▶ _Task item_
Whichever lines of the material contain "with", copy each of them.

▶ _Entries provided_
==========
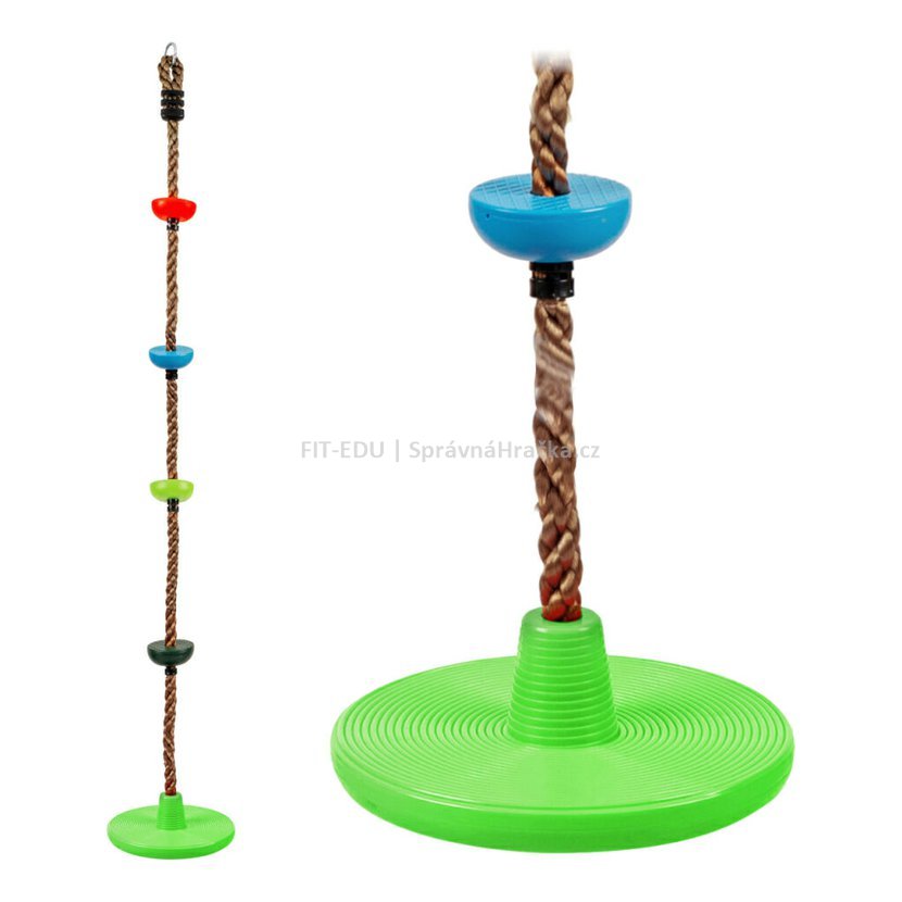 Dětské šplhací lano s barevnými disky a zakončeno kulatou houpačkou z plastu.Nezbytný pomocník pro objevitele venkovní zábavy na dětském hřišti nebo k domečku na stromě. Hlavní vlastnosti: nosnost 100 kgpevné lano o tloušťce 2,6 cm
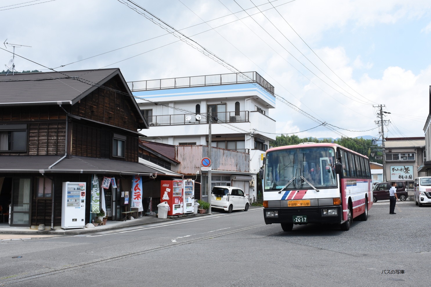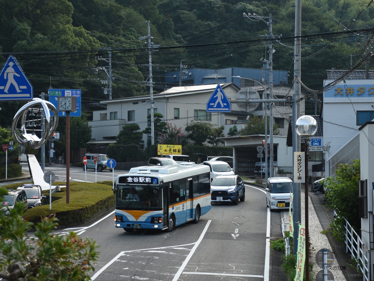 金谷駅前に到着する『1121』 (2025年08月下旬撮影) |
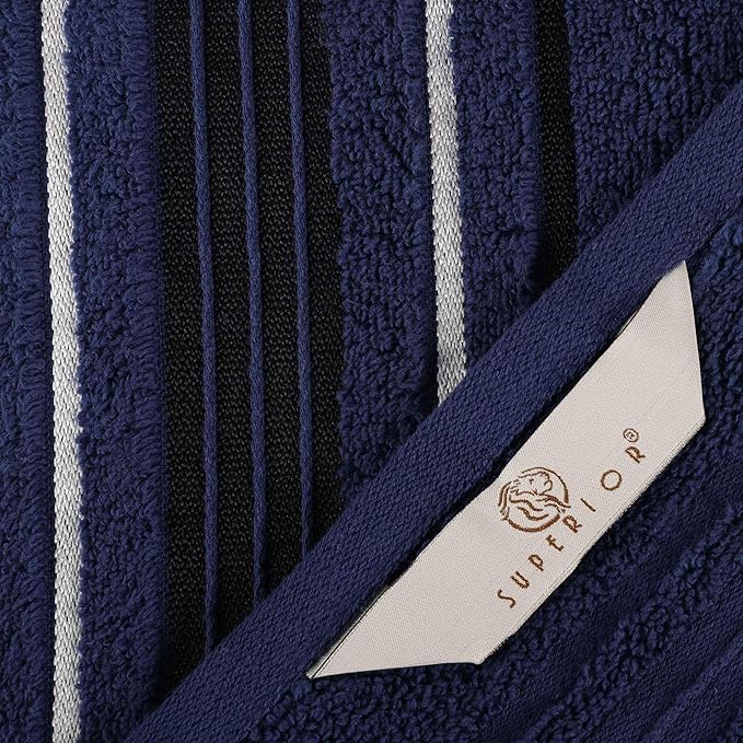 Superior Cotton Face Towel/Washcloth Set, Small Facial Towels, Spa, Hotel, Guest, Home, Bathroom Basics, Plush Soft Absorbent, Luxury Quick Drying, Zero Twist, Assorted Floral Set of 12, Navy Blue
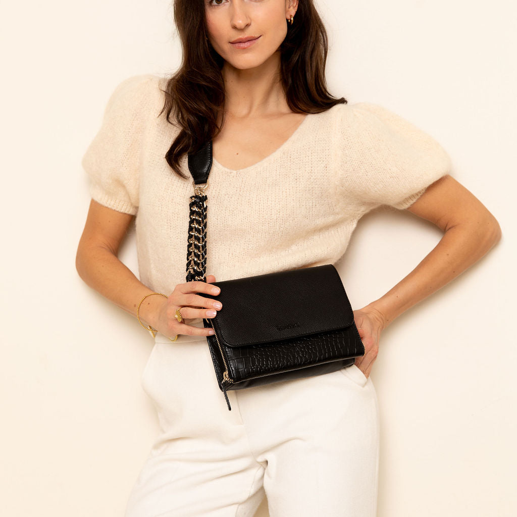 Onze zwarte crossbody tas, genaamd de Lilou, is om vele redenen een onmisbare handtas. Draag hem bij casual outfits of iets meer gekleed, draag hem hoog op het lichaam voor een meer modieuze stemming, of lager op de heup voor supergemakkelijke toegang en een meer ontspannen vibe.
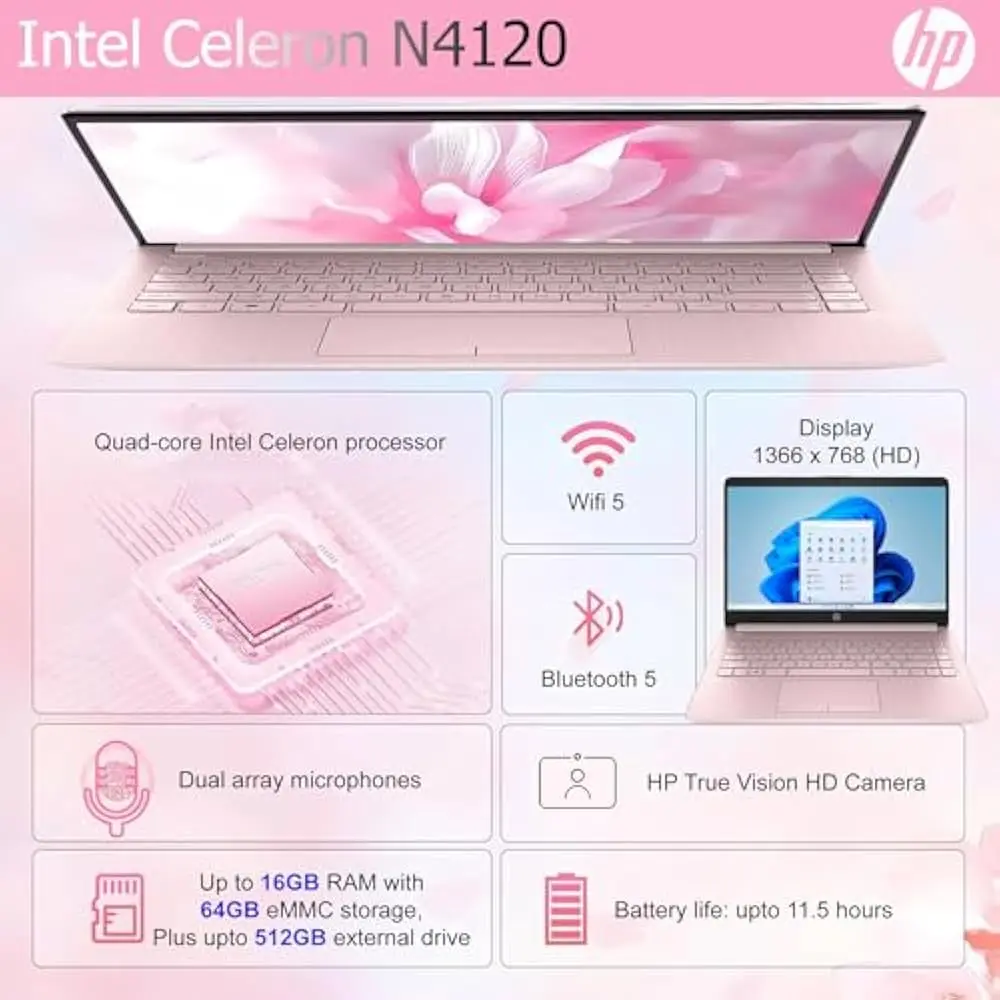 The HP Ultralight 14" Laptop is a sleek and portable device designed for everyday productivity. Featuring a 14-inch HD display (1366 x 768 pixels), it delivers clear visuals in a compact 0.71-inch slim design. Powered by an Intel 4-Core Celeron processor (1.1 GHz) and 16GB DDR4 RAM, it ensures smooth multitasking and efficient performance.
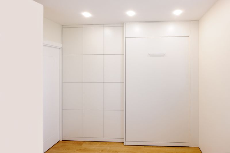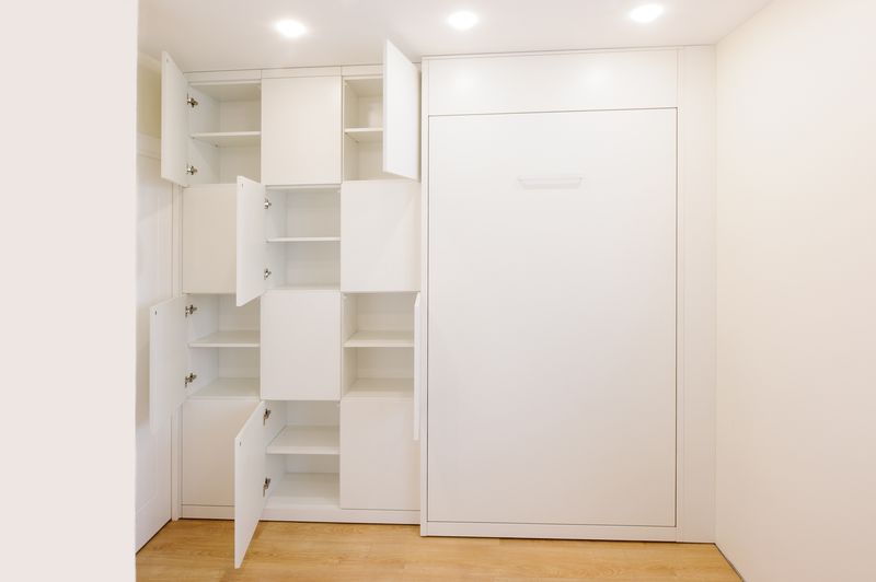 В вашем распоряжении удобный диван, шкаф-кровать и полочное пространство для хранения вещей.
==========
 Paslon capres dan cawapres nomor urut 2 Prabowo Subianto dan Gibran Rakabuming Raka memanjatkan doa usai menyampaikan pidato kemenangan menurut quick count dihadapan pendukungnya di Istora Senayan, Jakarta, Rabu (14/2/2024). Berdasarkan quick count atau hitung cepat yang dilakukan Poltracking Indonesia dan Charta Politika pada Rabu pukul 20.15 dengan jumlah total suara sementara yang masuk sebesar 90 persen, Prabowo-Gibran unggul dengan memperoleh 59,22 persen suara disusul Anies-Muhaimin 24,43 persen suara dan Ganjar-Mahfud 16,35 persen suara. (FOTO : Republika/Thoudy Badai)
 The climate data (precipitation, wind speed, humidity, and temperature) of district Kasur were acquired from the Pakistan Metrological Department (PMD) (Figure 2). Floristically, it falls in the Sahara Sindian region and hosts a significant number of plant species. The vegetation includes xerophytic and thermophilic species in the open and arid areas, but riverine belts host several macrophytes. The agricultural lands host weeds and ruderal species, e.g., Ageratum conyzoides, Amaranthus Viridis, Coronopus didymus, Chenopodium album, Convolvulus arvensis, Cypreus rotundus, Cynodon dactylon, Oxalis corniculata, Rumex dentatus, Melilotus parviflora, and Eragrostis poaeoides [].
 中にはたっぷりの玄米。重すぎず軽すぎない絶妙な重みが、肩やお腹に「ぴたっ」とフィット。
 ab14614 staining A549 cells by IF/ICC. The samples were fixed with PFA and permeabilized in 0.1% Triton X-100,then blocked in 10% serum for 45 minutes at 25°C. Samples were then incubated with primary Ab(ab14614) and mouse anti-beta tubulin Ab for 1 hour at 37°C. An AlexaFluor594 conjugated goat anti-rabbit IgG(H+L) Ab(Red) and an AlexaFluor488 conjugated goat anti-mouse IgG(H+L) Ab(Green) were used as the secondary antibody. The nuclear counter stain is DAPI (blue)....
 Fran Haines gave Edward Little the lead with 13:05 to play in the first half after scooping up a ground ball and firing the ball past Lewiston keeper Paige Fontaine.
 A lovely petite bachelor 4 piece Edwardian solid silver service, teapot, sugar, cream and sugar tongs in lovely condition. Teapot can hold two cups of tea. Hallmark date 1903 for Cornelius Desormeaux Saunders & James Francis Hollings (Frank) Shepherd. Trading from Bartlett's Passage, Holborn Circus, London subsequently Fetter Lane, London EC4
==========
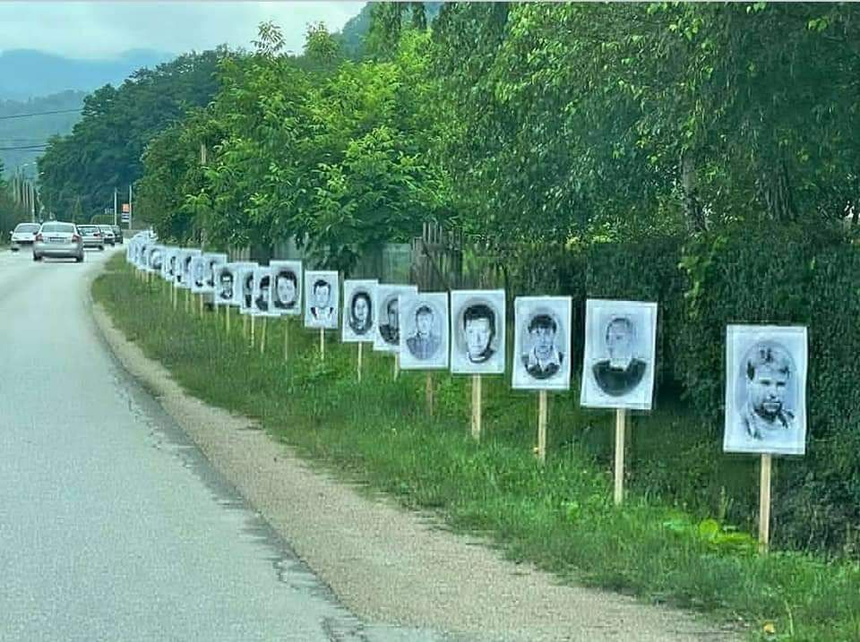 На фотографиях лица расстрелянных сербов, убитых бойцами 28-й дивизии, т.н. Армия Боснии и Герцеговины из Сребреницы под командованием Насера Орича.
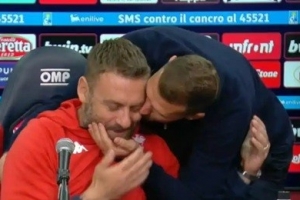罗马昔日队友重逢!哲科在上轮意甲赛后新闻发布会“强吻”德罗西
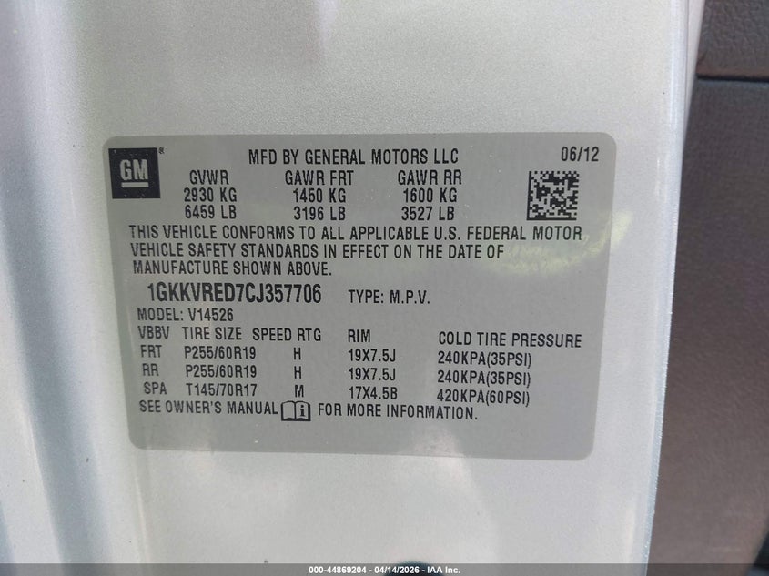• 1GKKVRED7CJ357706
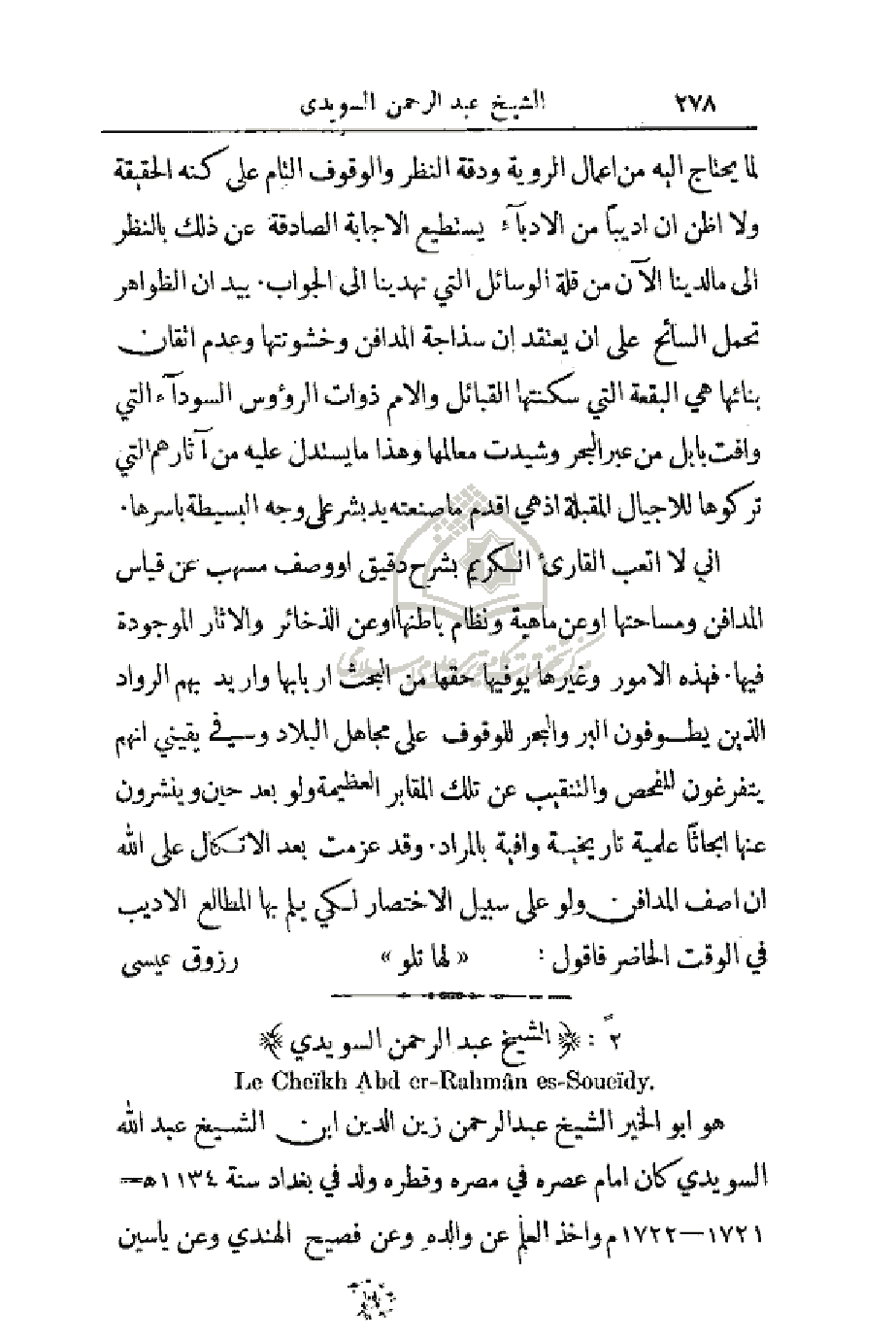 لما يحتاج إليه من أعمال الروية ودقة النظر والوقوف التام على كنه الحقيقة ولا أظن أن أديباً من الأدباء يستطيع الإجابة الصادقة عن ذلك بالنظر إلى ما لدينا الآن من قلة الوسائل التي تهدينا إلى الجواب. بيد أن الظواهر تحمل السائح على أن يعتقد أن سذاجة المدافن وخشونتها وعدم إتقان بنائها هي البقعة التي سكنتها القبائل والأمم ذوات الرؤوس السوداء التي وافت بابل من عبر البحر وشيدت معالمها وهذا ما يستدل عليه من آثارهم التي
==========
▶ _Answer_
 ab14614 staining A549 cells by IF/ICC. The samples were fixed with PFA and permeabilized in 0.1% Triton X-100,then blocked in 10% serum for 45 minutes at 25°C. Samples were then incubated with primary Ab(ab14614) and mouse anti-beta tubulin Ab for 1 hour at 37°C. An AlexaFluor594 conjugated goat anti-rabbit IgG(H+L) Ab(Red) and an AlexaFluor488 conjugated goat anti-mouse IgG(H+L) Ab(Green) were used as the secondary antibody. The nuclear counter stain is DAPI (blue)....
 Fran Haines gave Edward Little the lead with 13:05 to play in the first half after scooping up a ground ball and firing the ball past Lewiston keeper Paige Fontaine.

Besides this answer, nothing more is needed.